Political Sentiment Classification & Tracking
Padmini Srinivasan (Computer Science, University of Iowa)
Bob Boynton (Political Science, University of Iowa)

Understanding the nature of political discourse on social media allows us to gauge the motivations of its constituent voices and representativeness of its message. A thorough evaluation of sentiment classification algorithms applied to political writings shows this to be a non-trivial task. 

Content Reuse in an Organization
Klaar De Schepper (Columbia University)
Lawrence Bergman (IBM T.J. Watson Research Center)
Jie Lu (IBM T.J. Watson Research Center)

CHI'11 [Honorable Mention]

How important is it for an organization to keep track of the content it generates?
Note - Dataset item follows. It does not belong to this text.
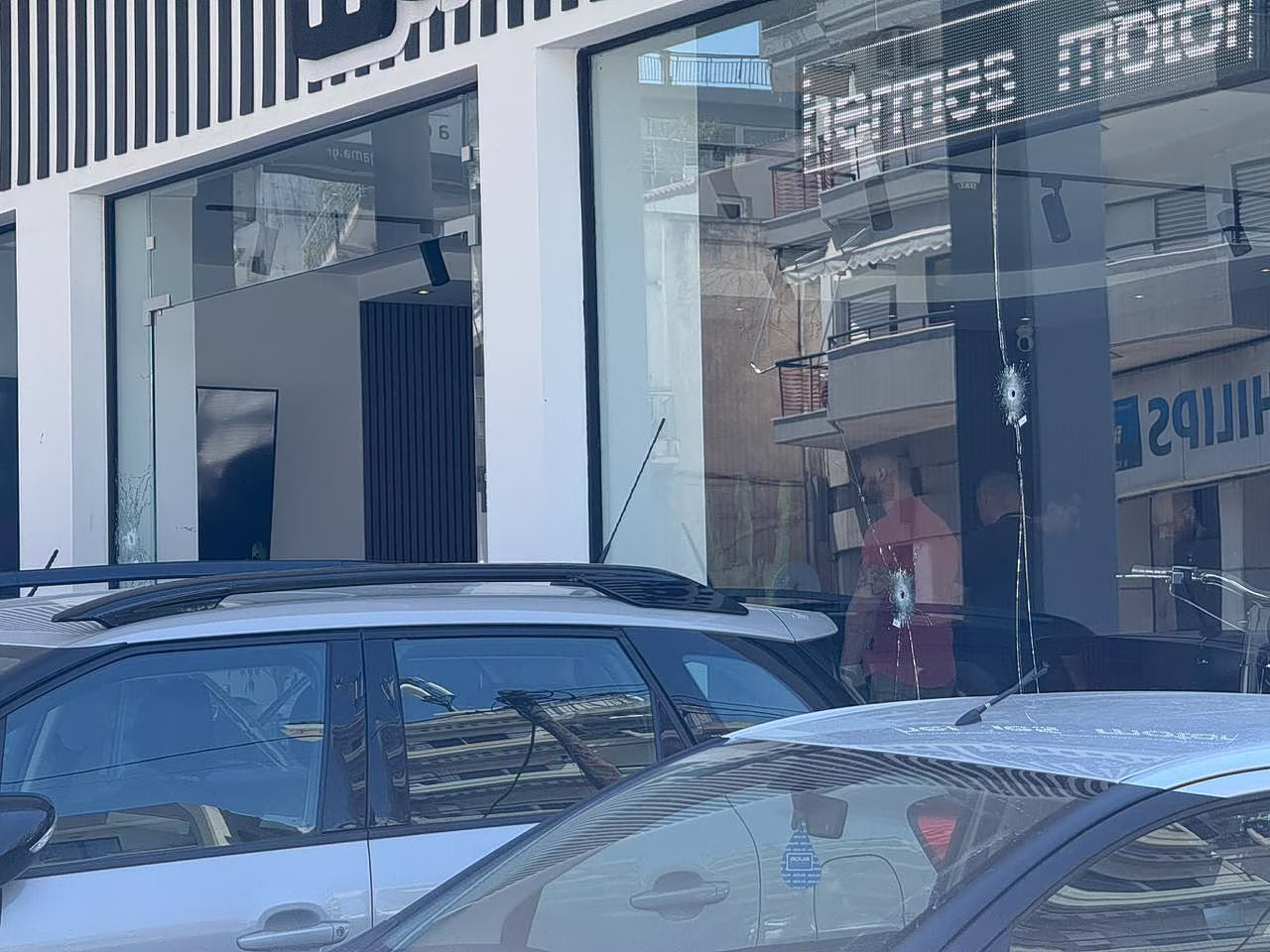 The incident took place on a central avenue, where the attackers reportedly shot at the storefront before fleeing the scene. Several vehicles, the shop’s glass frontage, and interior areas were damaged.

Turns out very much so. We track content reuse across a collection of slideshow presentations, modeling the flow of information within the organization. Our ethnographic survey and interviewing effort resulted in a set of guidelines for a content management system that supports modular content search, team management, and provenance tracking. 

Event Tracking in Social Media
Viet Ha-Thuc (University of Iowa)
Padmini Srinivasan (University of Iowa)

Large-scale analysis of social media such as blogs allows us a glimpse into the mind of a large segment of Earth's population. This record of people's thoughts can be leveraged to track significant events and discussion about them. Using Viet Ha-Thuc's new topic modeling approach we were able to track major news events over a period of time.